Chevron has also streamlined its data processing and analytics through Kubernetes and Azure Arc, resulting in improved safety and costs.
ABB
ABB is another manufacturer that has utilised Microsoft's adaptive cloud approach.
The approach has enabled the company to optimise its remote condition monitoring and to reduce development time by creating applications deployable across Windows, Linux and the cloud.
Two achievements which have been streamlined by ABB's adoption of Microsoft's Azure Kubernetes Service ( AKS) for a single, end-to-end orchestration platform.
Ultimately, ABB has been able to integrate edge analytics and AI due to this approach, allowing it to handle its growing volume of sensor data with minimal additional resources.
"We need to deploy only one application regardless of where it runs, whether on a minimally configured Windows IoT device, a large machine with Linux or in the cloud," adds Viswanathan Ramakrishnan, Vice President, Release Engineering & SaaS Operations at ABB.
Xignux
Finally, Microsoft has also partnered with energy and food leader Xignux to streamline its digital transformation efforts using Azure IoT Operations and Microsoft Copilot.

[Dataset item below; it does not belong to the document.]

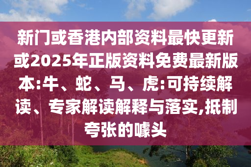 新門或香港內(nèi)部資料最快更新或2025年正版資料免費(fèi)最新版本:牛、蛇、馬、虎:可持續(xù)解讀、專家解讀解釋與落實(shí)

Xignux developed a proof of concept (POC) to enhance cable quality testing in near real-time, aiming to improve equipment efficiency, product quality and overall productivity across its diverse operations.
The Azure adaptive cloud approach enabled Xignux to break down data silos, standardise processes and manage on-premises infrastructure more efficiently.
With Azure Arc-enabled Kubernetes, the company replicated updates across multiple sites, reducing complexity and time while providing better operational insights.
Xignux intends to expand the POC into a standardized enterprise-wide architecture to further enhance efficiency and scalability.
"Azure IoT Operations is a good starting point related to architecture running on the edge," says Jose Arturo Montiel Espinosa, Industrial Architect for IoT, Xignux.
"We are expecting to use it to create a guide for architecture that we can replicate across the whole enterprise."
This whitepaper highlights how the adaptive cloud approach is instrumental for manufacturers seeking to efficiently and holistically scale their smart factory initiatives.
By leveraging technologies including Azure IoT Operations, Kubernetes and open standards, manufacturers can unify IT and OT, enabling them to scale the technological innovations of the future across operations.